Phenotype file generation
The automatic combination and pre-processing of phenotypic data is extremely complex and is therefore not within the scope of this tool. However, we provide a python script, “Tutorial-for-Phenotype-File.py” which acts as a step-by-step tutorial for the user to generate their own python script for collating and pre-processing the data they wish to use. In brief, the required files are loaded into the python environment and pandas is used to extract the columns based on the column name. These extracted columns are combined into a new data frame using the ‘Sample_ID’ column, as each row represents an individual within the study. As occurrence of disease is recorded as number of months into the study that the participant was diagnosed with the disease, we also demonstrate how to transform this data into the age at which the patient was diagnosed. Of note, this script also demonstrates how to generate a covariate file with the phenotype information and the PCA information provided in the dataset.
Genotype file conversion overview
Canary is capable of automatically converting the imputed dosage files into PLINK compatible files. To achieve this, Canary has 3 modules which complement each other. An overview of the 3 modules of Canary can be seen in Fig. 2.
Convert-mac module
The convert-mac module of Canary performs the steps demonstrated in Figs. 3, 4, 5, 6, 7, 8 automatically with a single command line argument which specifies: the input file directories, desired project name, and output directory. Importantly, this module of Canary deals with a single sub-study at a time. In the initial step, Canary combines the consent groups by combining each of chromosome dose files i.e., consent group 1 chromosome 1 with consent group 2 with chromosome 1 (Fig. 4). It is worth noting that, whilst this specific dataset only requires the combination of 2 consent groups, Canary is capable of combining as many as required by the user. A QC check is then performed to make sure that the combination was without error, and the output is saved to a file in the output directory for the user (Fig. 5).

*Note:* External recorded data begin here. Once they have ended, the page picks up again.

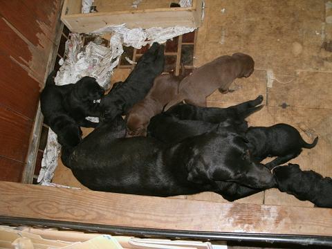 (子供たちは立っている母犬からもオッパイをせがむようになりました、母犬のお尻の辺りの泥は、脱走のなごり)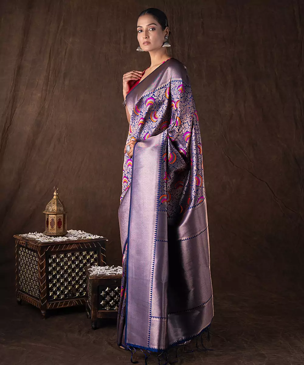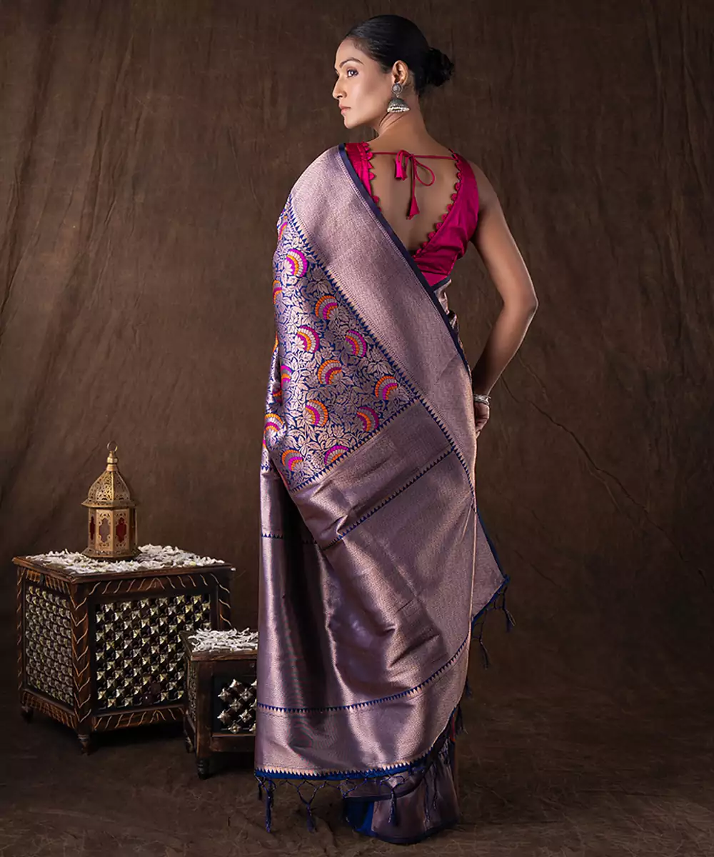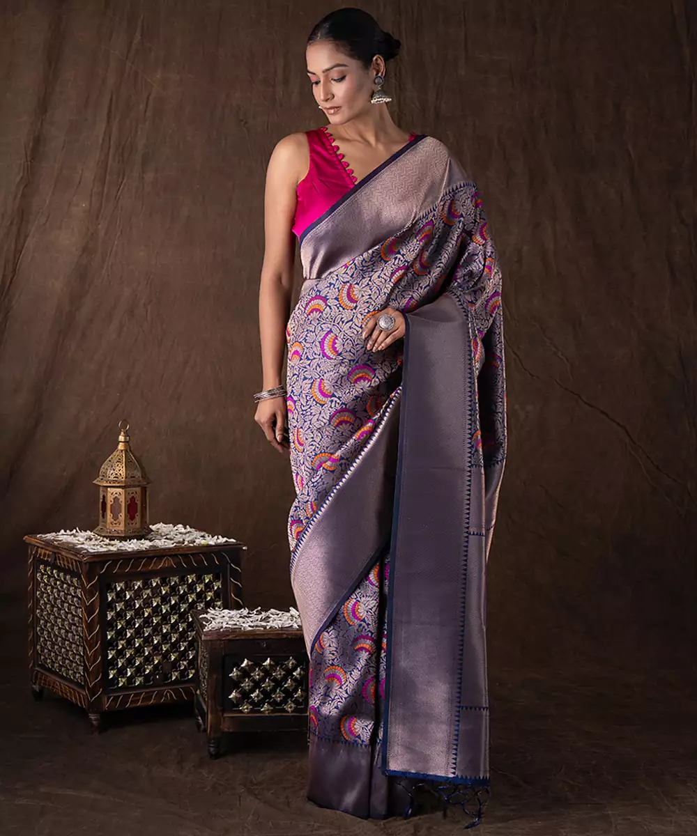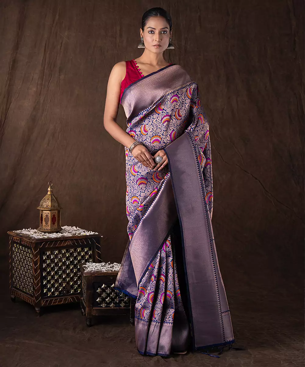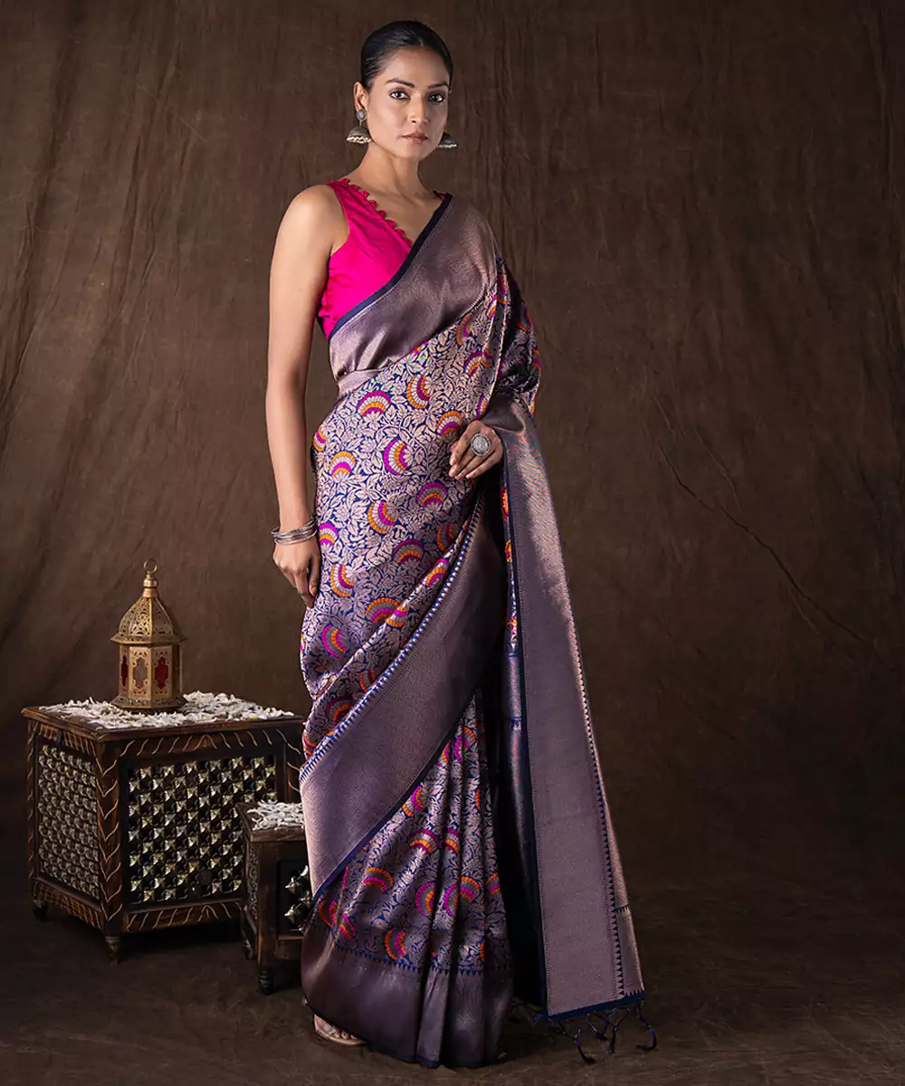 Crafted In Rich Navy Blue Kanchipuram Silk, This Saree Features Traditional Handwoven Patterns That Reflect Heritage Artistry. Its Luxurious Texture And Structured Drape Make It Perfect For Grand Celebrations. Style It With Classic Gold Jewelry For A Regal And Timeless Look That Exudes Elegance And Sophistication.
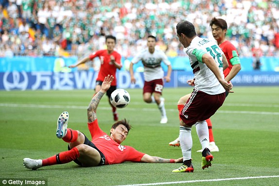 وجاء هدف المكسيك فى الدقيقة 26 عن طريق البيرتو فيلا من ركله جزاء .ويتصدر المجموعة السادسة السويد والمكسيك بثلاث نقاط بينما جاءت كوريا الجنوبية وألمانيا في المركز الثالث والرابع دون نقاط .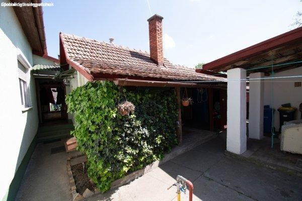 hasznos alapterületű, 3 szobás (21,54; 14,33; 7,55 m2) lakóház, + melléképület,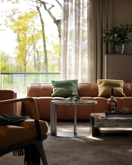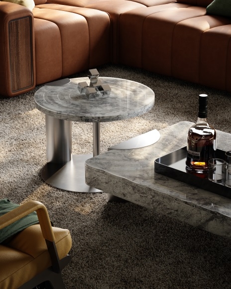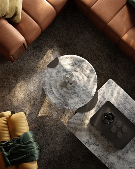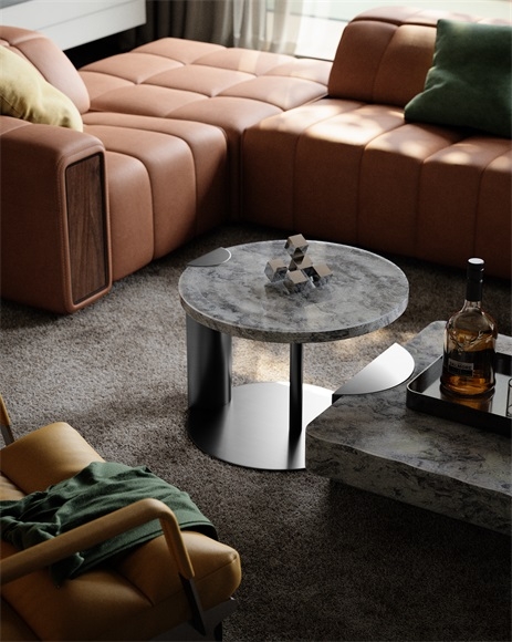 The design is unique, and the round shape of the panel and the base echo each other. Through the guidance of its semicircular legs and round legs, the coffee table looks lighter.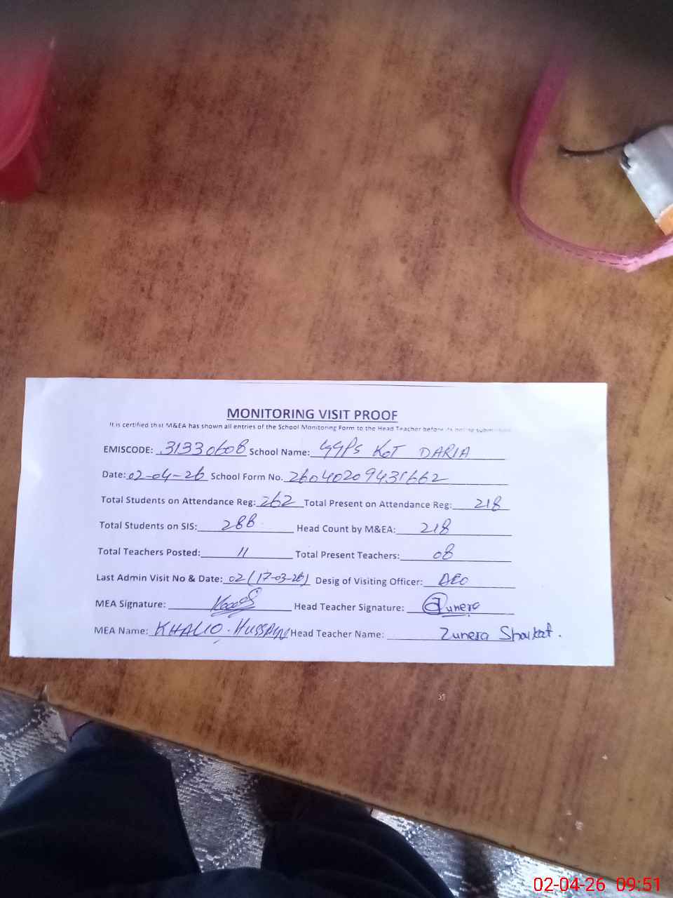 | EMIS Code: 31330608 | Name of School: GGPS KOT DARIA | |||

Once the consent groups have been combined, Canary uses dose2plink.c previously developed by other research to convert the dose and info files into pdat and pfam files in PLINK format [16] (Fig. 6). In order to build dose2plink within the Canary container, dose2plink was modified; further details can be found on the GitHub repo for the modified tool [22]. dose2plink.c was chosen over the original dose2plink due to the higher efficiency of the C language in comparison to Perl, and due to the fact that dose2plink.c creates a single output per chromosome instead of producing small segments of each chromosome which then need to be combined.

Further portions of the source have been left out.